# [WHAT IS EXPECTED]
Take the line that contains "第七步:找到按enter开始" and each line after it to the end of the material below, and return them exactly, minus the pictures.

# [RECORDS SHOWN]
________________

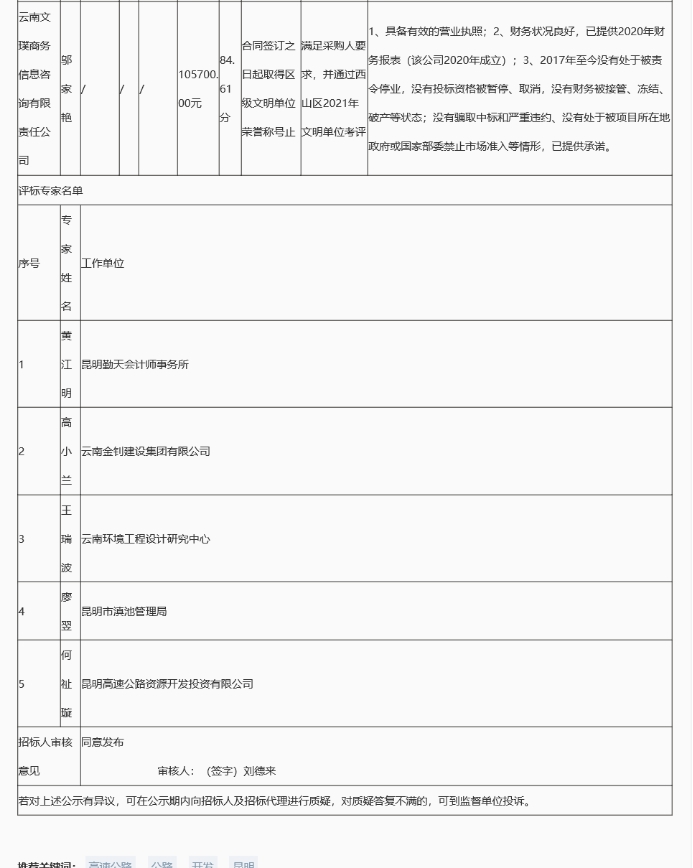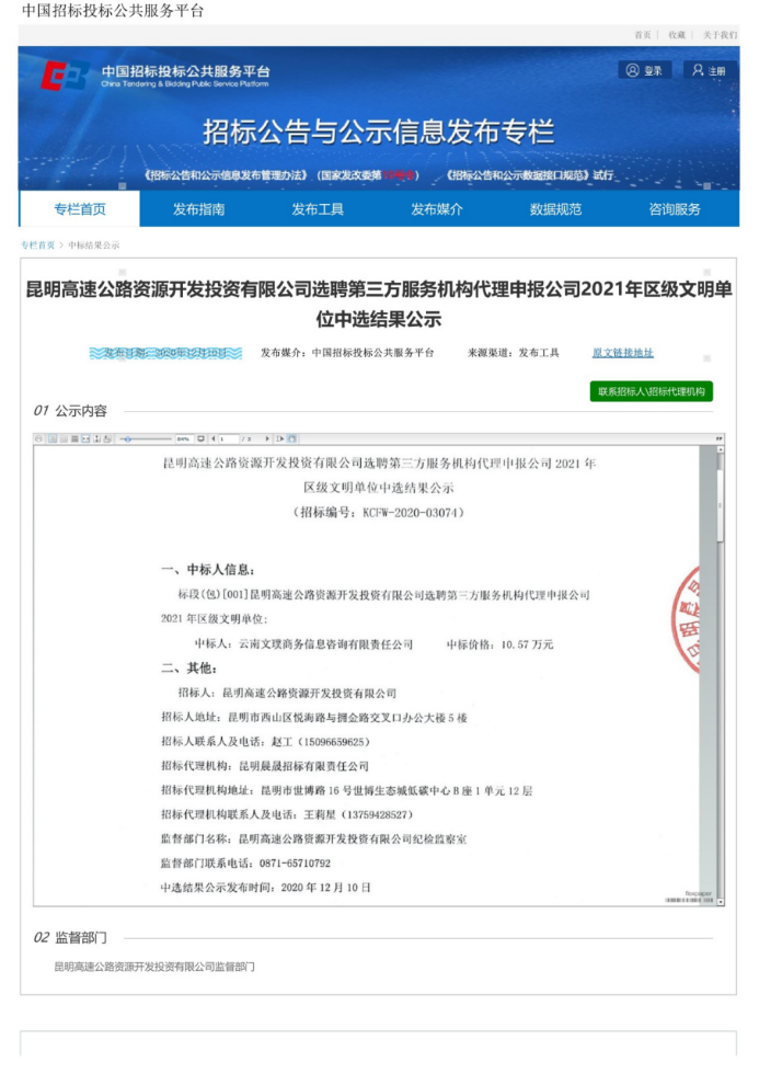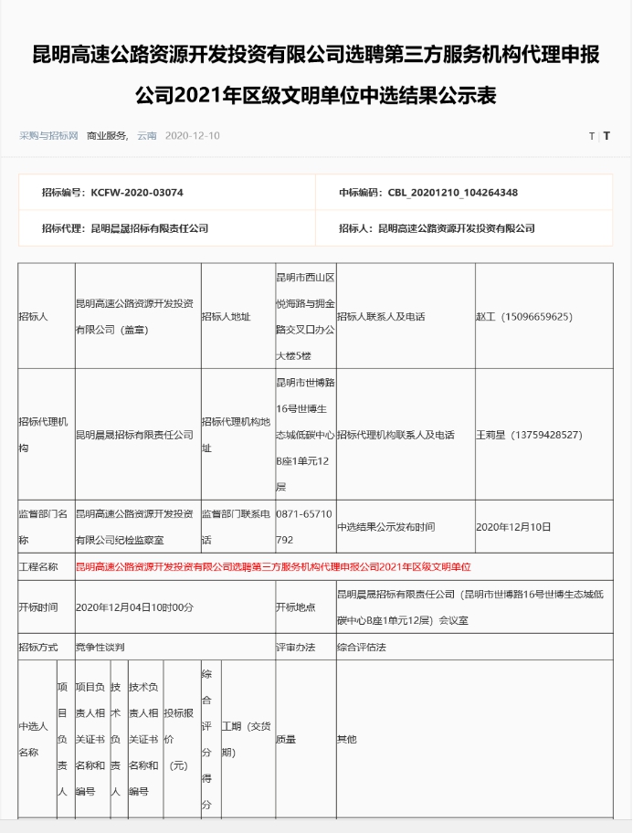 昆明高速公路资源开发投资有限公司选聘第三方服务机构代理申报公司2021年区级文明单位竞争性谈判中标结果公示
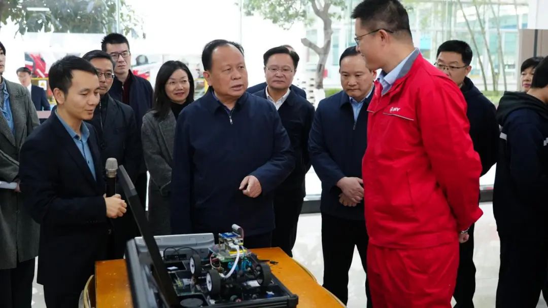当天下午,周农来到湖南好体育综合app下载工业职业技术学院,详细了解该校发展历程、专业设置、产教融合、人才培养等情况。在该校工业机器人实训基地、新能源装备实训中心,周农仔细察看教学实训场地设施,观看工业机器人操作演示和学员实训作品展,考察了好体育综合app下载重工实训工厂、产教融合与国际化教育展示区、大学生创新创业和技能竞赛成果展区,了解技能大师工作室建设管理、校企合作定向培养等情况。
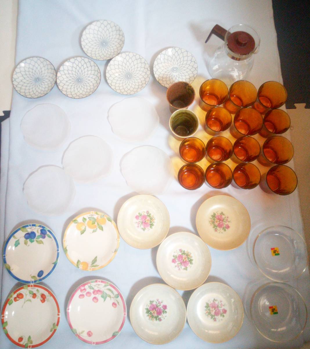 > (G)食器セット②茶色コップ 14個 陶器コップ 2個 花柄ソーサー5枚 葉の形皿5枚 有田焼5枚アサヒ器2枚 ungro4枚 ティーポット1つ
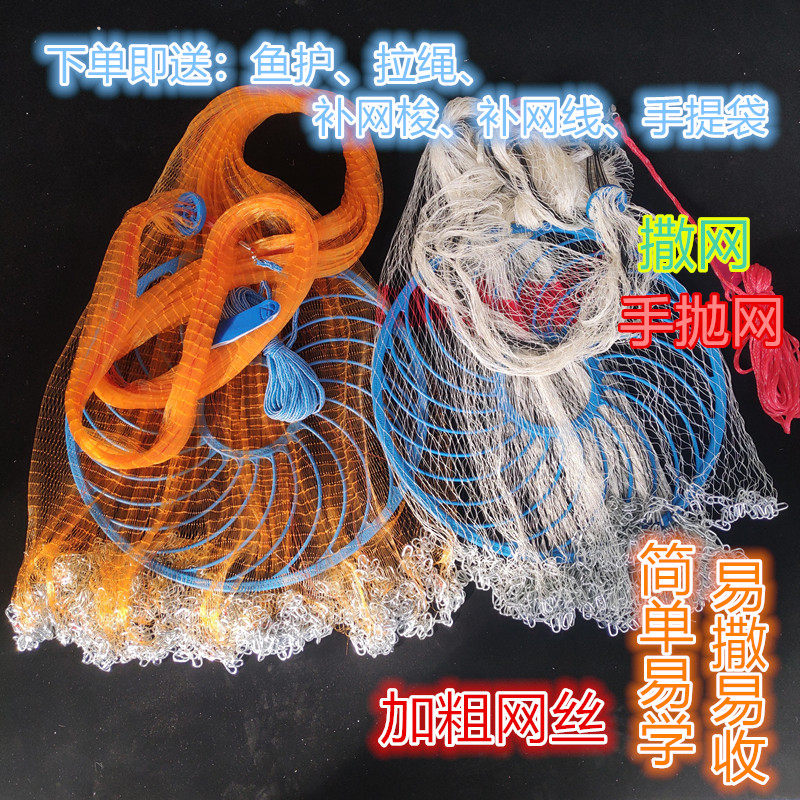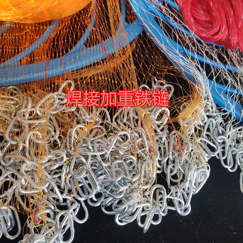 大飞盘式撒渔网手抛网鱼网新款加粗黄金丝焊接链条钢拉丝渔网撒网
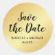 Very elegant envelope seal for your Save the Date cards. Gold background with black text. Save the Date is written in a trendy script font. Your name and wedding date are below in a simple and modern font. All text can be edited.
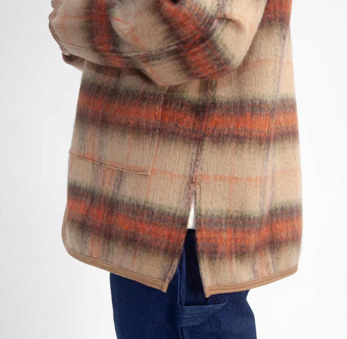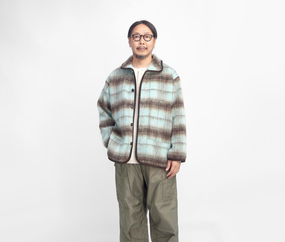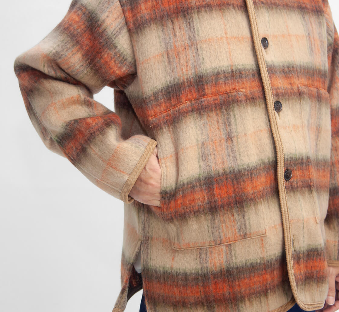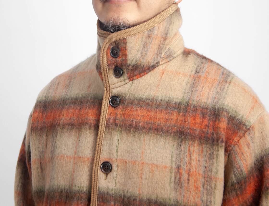 Upscape Audienceからモヘヤライクなシャギー素材のレトロなスタンドカラージャケットのご紹介。 やや高めのスタンドカラーは立てても寝かせても決まり、コーデュロイのパイピングがさりげないアクセントになります。 ゆったりと羽織れるサイズで厚手のインナーにも対応し、深めのスリットで動きやすさを確保。 ウールとリサイクルポリエステルを組み合わせたECOLANAで、軽さと暖かさを両立しつつ扱いやすい点も魅力です。 毛足の表情とチェック柄が存在感を放ち、シンプルな着こなしでもサマになる便利な秋冬アウターです。
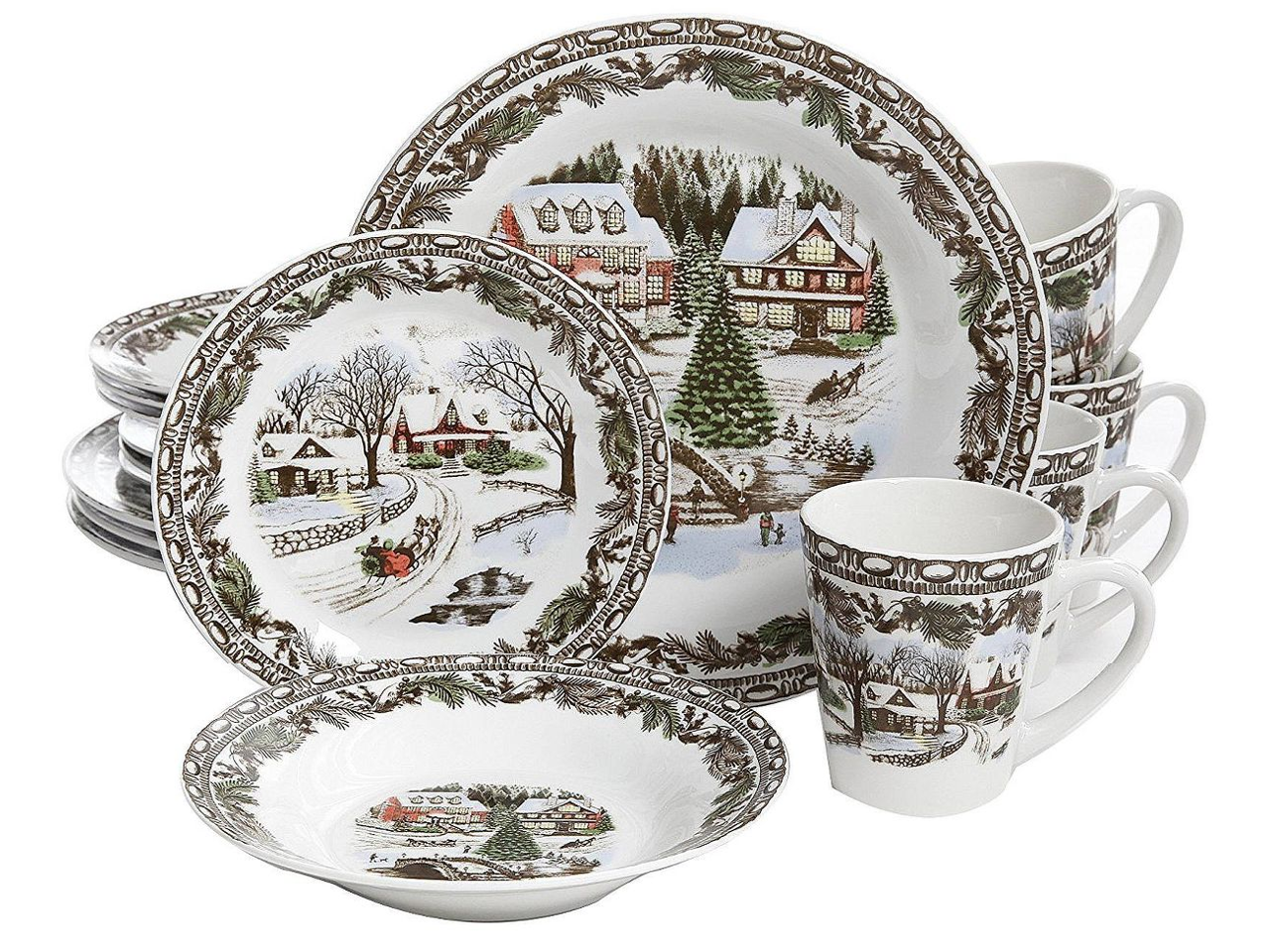 GIBSON 16-Piece Christmas Toile Dinnerware Set (105979.16)
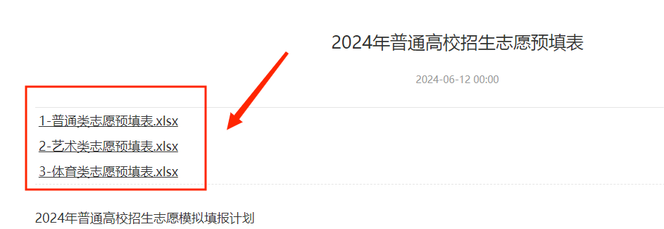 点击以下链接即可查看2024年普通高校招生志愿预填表:
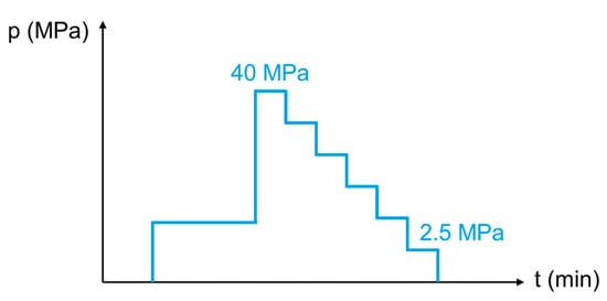 Schematic of the load-decreasing tribological tests performed to determine the static and dynamic friction coefficients of both PA6 polymers against steel plates (surface contact pressure p in MPa as a function of time t in minutes).
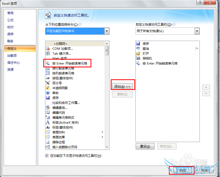 第七步:找到按enter开始朗读单元格,点击后按添加选项,最后按确认键。在空白单元格后就会出现该功能键的快捷键,如图:
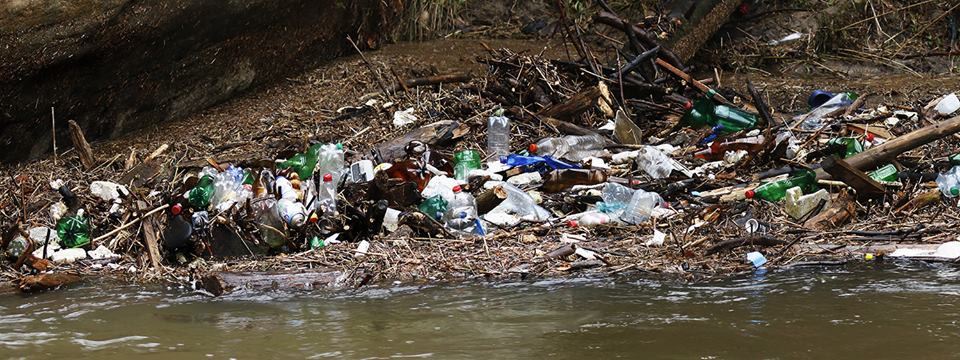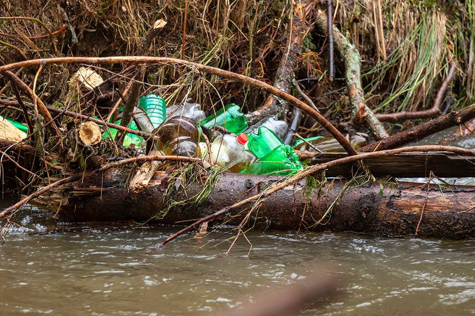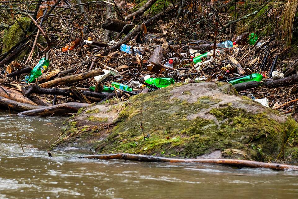 Řeka Kamenice zaplněná plasty
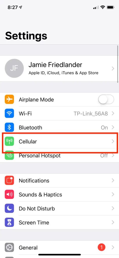- Klepněte na „Volby mobilních dat“.
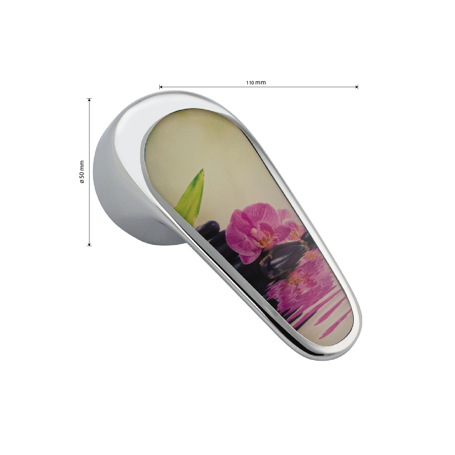 Ручка с фото - орхидея, для шарового смесителя, для корпуса 40 мм, металлическая, литая. Габаритные размеры: длина 110 мм, ширина 50 мм. Вес - 0,200 кг, объем 0,00051 м3.

________________

# [TASK RESULT]
 第七步:找到按enter开始朗读单元格,点击后按添加选项,最后按确认键。在空白单元格后就会出现该功能键的快捷键,如图:
 Řeka Kamenice zaplněná plasty
- Klepněte na „Volby mobilních dat“.
 Ручка с фото - орхидея, для шарового смесителя, для корпуса 40 мм, металлическая, литая. Габаритные размеры: длина 110 мм, ширина 50 мм. Вес - 0,200 кг, объем 0,00051 м3.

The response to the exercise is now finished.